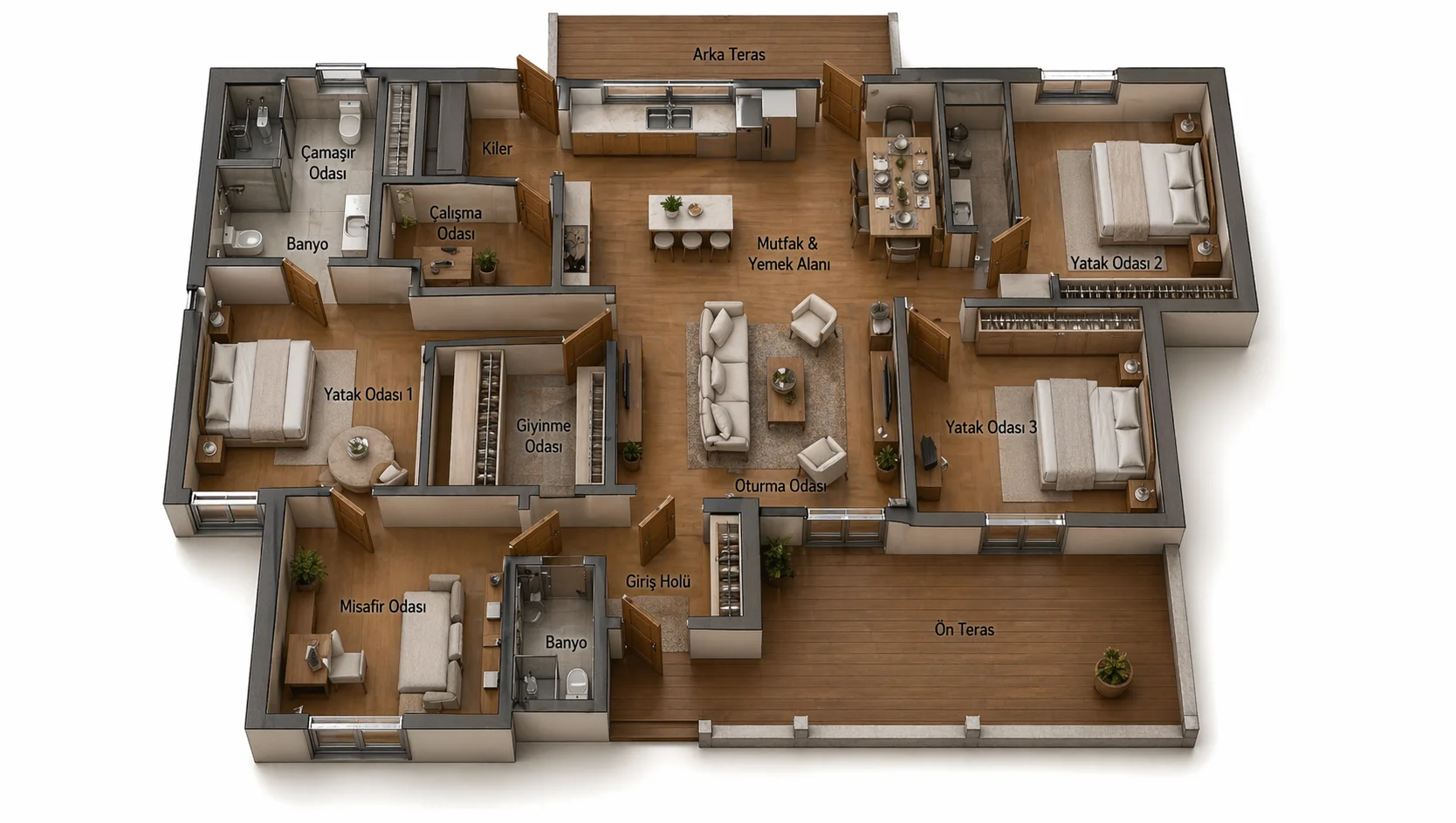 3 yatak odası (ebeveyn ~16 m², diğerleri ~12 m²)
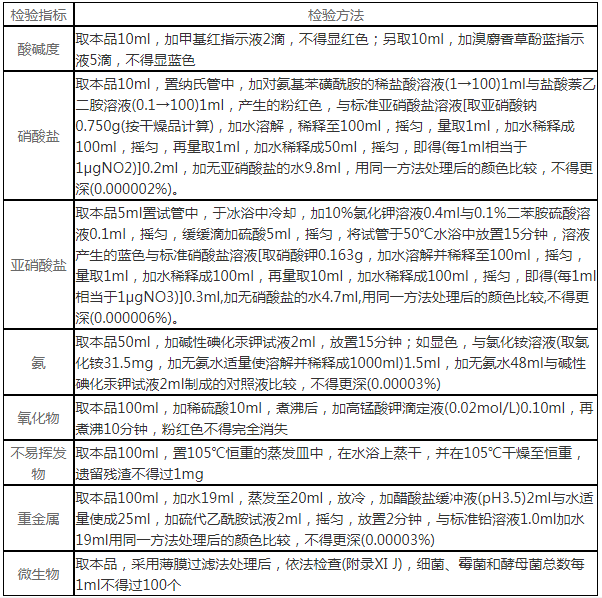 1)总体性状要求:本品为饮用水经馏法、离子交换法、反渗透法或其他适宜的方法制得的无色、无臭,无味的澄清液体,不含任何添加剂
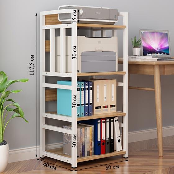 Стелаж офісний для документів і оргтехніки має декілька ярусів. Виготовляється на замовлення протягом 2 тижнів. Розмір і колір довільний. Матеріал полиць ЛДСП або дерево (ялина, бук, ясен, дуб).

= = = =

TASK INSTRUCTIONS. Copy exactly the lines that run from the line containing "1)总体性状要求:本品为饮用" to the end of the data above, keeping both end lines and leaving out all pictures.

ANSWER SECTION.
 1)总体性状要求:本品为饮用水经馏法、离子交换法、反渗透法或其他适宜的方法制得的无色、无臭,无味的澄清液体,不含任何添加剂
 Стелаж офісний для документів і оргтехніки має декілька ярусів. Виготовляється на замовлення протягом 2 тижнів. Розмір і колір довільний. Матеріал полиць ЛДСП або дерево (ялина, бук, ясен, дуб).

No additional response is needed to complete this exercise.